From the reviews:
"Fortunately Graham Swinerd, reader in astronautics at the University of Southampton, has penned... a maths-free guidebook... if only all popular science books were as clearly presented!" (Four out of five stars, Sean Blair, Sky at Night Magazine, May 2009)
"There is a great deal of useful information that you do not find readily elsewhere and given the rather dry nature of the subject, the book is written in a lucid and engaging style that makes enjoyable reading..." (Robin Flegg, Astronomy Now, May 2009)
"Aimed at non-technical readers, the book requires ‘no prior knowledge’. … The core of the book includes discussion of the various spacecraft subsystems, such as power, propulsion and communications, and a commentary on design. … The book makes reference to ‘Star Trek’, warp drive and the space elevator, but only by way of populist garnish." (Mark Williamson, IET Knowledge Network, May, 2009)
"This work is a basic introduction to spacecraft (mainly satellite) engineering … . The material in this volume should be accessible to any undergraduate who has taken introductory courses in math and physics. … This work is so fundamental and relevant to the modern world that it will be important for all libraries serving undergraduates. Summing Up: Highly recommended.

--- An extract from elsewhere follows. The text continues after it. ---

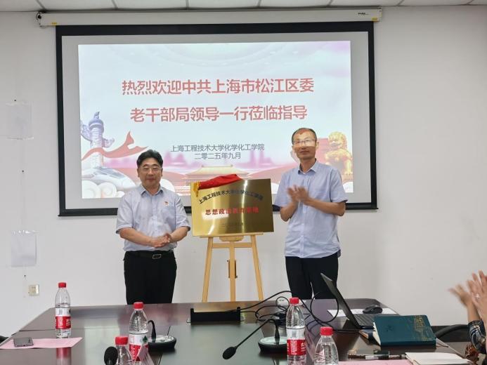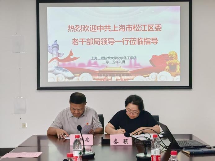 签约揭牌仪式后,双方开展了“科创未来·青春行动”主题交流。第十九届“挑战杯”上海市老员工课外学术科技作品竞赛特等奖和三等奖项目负责人陈艾红和林文坤同学分享了项目情况和前沿科研成果,现场互动频繁,气氛融洽。随后嘉宾们还参观了公司前沿技术研究院“制造中国”党性教育基地、药物智能制剂与智能制造研究中心、环境与资源创新中心等地,老干部局一行对先进的仪器设备和严谨的科研态度给予高度评价。

General readers, lower- and upper-division undergraduates, graduate students, and two-year technical program students." (A. M. Strauss, Choice, Vol. 46 (8), April, 2009)
"The book concentrates on fundamental topics such as types of orbits, forces influencing orbits … and the multitude of systems and subsystems associated with spacecraft design. … This is certainly an interesting and highly readable volume which offers one of the best introductions to spacecraft engineering … . In conclusion, the author expresses the hope ‘that this book will play a … part in inspiring young people to get involved in space science and engineering’ — a hope that I heartily endorse." (Peter Bond, The Observatory, Vol. 129 (1212), October, 2009)

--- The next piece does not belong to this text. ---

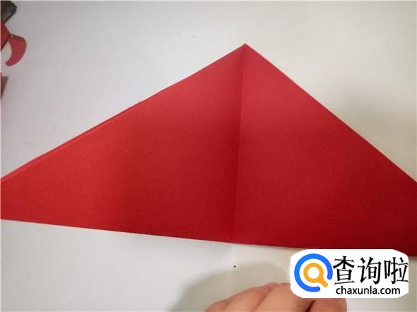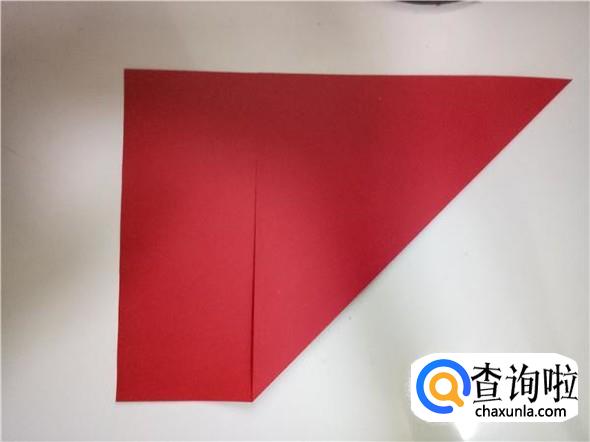 首先我们需要将彩纸的长边和短边对齐,折出一个三角形,如图所示。

“The challenge of making rocketry and spaceflight understandable to the layman is … addressed by Professor Swinerd in this new and attractively produced book. … Written in a friendly style and extensively illustrated with images and graphics the book is well structured and indexed. … For the non specialist, as well as the non technical, this is a novel and interesting starting point for an armchair journey into space.” (Pat Norris, The Aeronautical Journal, July, 2009)
From the Back Cover
About half a century ago a small satellite, Sputnik 1, was launched. The satellite did very little other than to transmit a radio signal to announce its presence in orbit. However, this humble beginning heralded the dawn of the Space Age. Today literally thousands of robotic spacecraft have been launched, many of which have flown to far-flung regions of the Solar System carrying with them the human spirit of scientific discovery and exploration. Numerous other satellites have been launched in orbit around the Earth providing services that support our technological society on the ground.

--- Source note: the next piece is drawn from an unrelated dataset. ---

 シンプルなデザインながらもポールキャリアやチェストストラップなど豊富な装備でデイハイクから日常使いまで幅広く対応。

How Spacecraft Fly: Spaceflight Without Formulae by Graham Swinerd focuses on how these spacecraft work. The book opens with a historical perspective of how we have come to understand our Solar System and the Universe. It then progresses through orbital flight, rocket science, the hostile environment within which spacecraft operate, and how they are designed. The concluding chapters give a glimpse of what the 21st century may hold in terms of human exploration of the Solar System and more futuristic propulsion technologies for interstellar travel.
Graham Swinerd invites you to understand "how spacecraft fly," while becoming a convincing rocket scientist along the way!